I’ve been trying to quantify how well various models perform on pretty basic data analysis - for a given query result, answer a few questions. Each query result has the same basic format; a section of aggregates, then repeating time series for each specified breakdown. These aren’t really complex queries either, there’s maybe a dozen unique values and I’m limiting them to a single aggregation.
what’s interesting, more or less, is that everything tends to suck at the evaluations. There are outliers - gpt-5 tends to do very well across the board, including 5-mini, for instance. Overall though, best case, you’re looking at 80% success rate on average across all the questions at the high end, but usually more like 50-60%
“well that’s garbage”, I might hear you saying, and intuitively you’d be right. what’s intriguing to me, though, is that when I ask the same models to do more complex tasks with similarly tight criteria (eg, “why is this happening”) after giving them some query tools, I see much higher success rates; nearly 100% for SOTA models, and increasingly even smaller models are improving.
why is this? how can a series of dependent tasks with a 20% failure rate sum to 100% success?
my supposition is that there’s a few specific things happening here, some of them very unintuitive.
1. models are often wrong, but they’re not off by _much_, especially when it comes to figures. for example, one question in the eval suite asks to calculate the sum of the top 3 aggregates. overall, this has about a 50% success rate. however, if you look at the incorrect results they all cluster around +\- 100 from the true value (and over half of them are only off by less than 5 in either direction). this isn’t great, sure, for many applications. but it’s a pretty acceptable level of error when absolute precision doesn’t count (and in my case, it really doesn’t - outliers in system telemetry are usually a few orders of magnitude off the distribution)
2. models are very bad at absolute time, but good at relative time. many of the questions involve quantitative measurements of time series data - “when was the peak of this series”, etc. models fuck this up pretty reliably unless they have the exact timestamps available in the context (and even then, they’ll botch it sometimes), but they’re pretty good at saying “this happened before that” in a series, or identifying the amount of outliers and peaks in the distribution. this is another one of those “pretty ok” compromises, albeit with some big caveats around tool design and query interfaces, but often in system telemetry you don’t necessarily need to know exactly what time something happened, but you do need to know the order in which things happened or at least the order those things were observed.
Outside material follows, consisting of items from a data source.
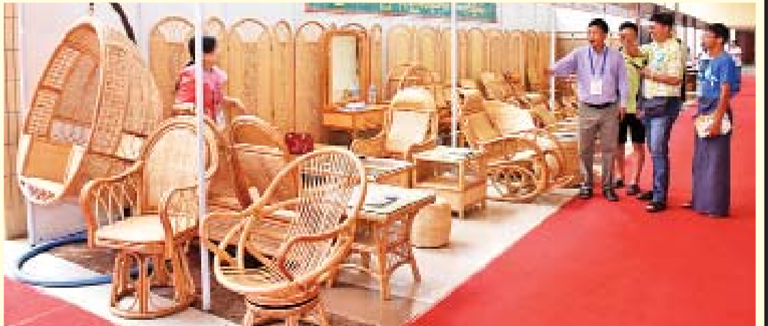
ကြိမ်နှင့် ကြိမ်ပရိဘောဂပြခန်း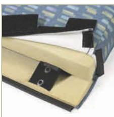
Le tissu d'ameublement amovible facilite le nettoyage et le remplacement.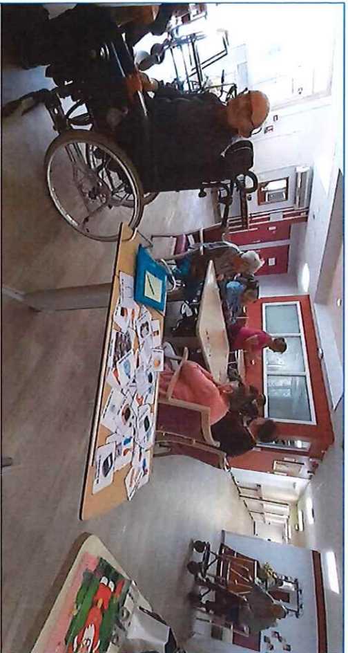
Le loto est toujours attendu et apprécié aux Camélias.

3. agent context is different than zero-shot context. this is probably the biggest single thing I can think of as to explain the divergent results; in an agent loop, the model has significantly more context devoted to whatever investigation it’s doing thanks to running multiple queries, etc. this seems to help quite a bit, probably because it’s “thinking” about more stuff that’s relevant versus getting a simple “here’s some data, pick out some facts” prompt.
the takeaways I have from this whole experience? nothing too novel. don’t use LLMs for extracting structured data unless you can live with sampling error. leverage agent loops with good/efficient tools to allow the model to discover more contextual data. return control to the operator frequently but passively in order to reduce the chance of the agent going on side quests.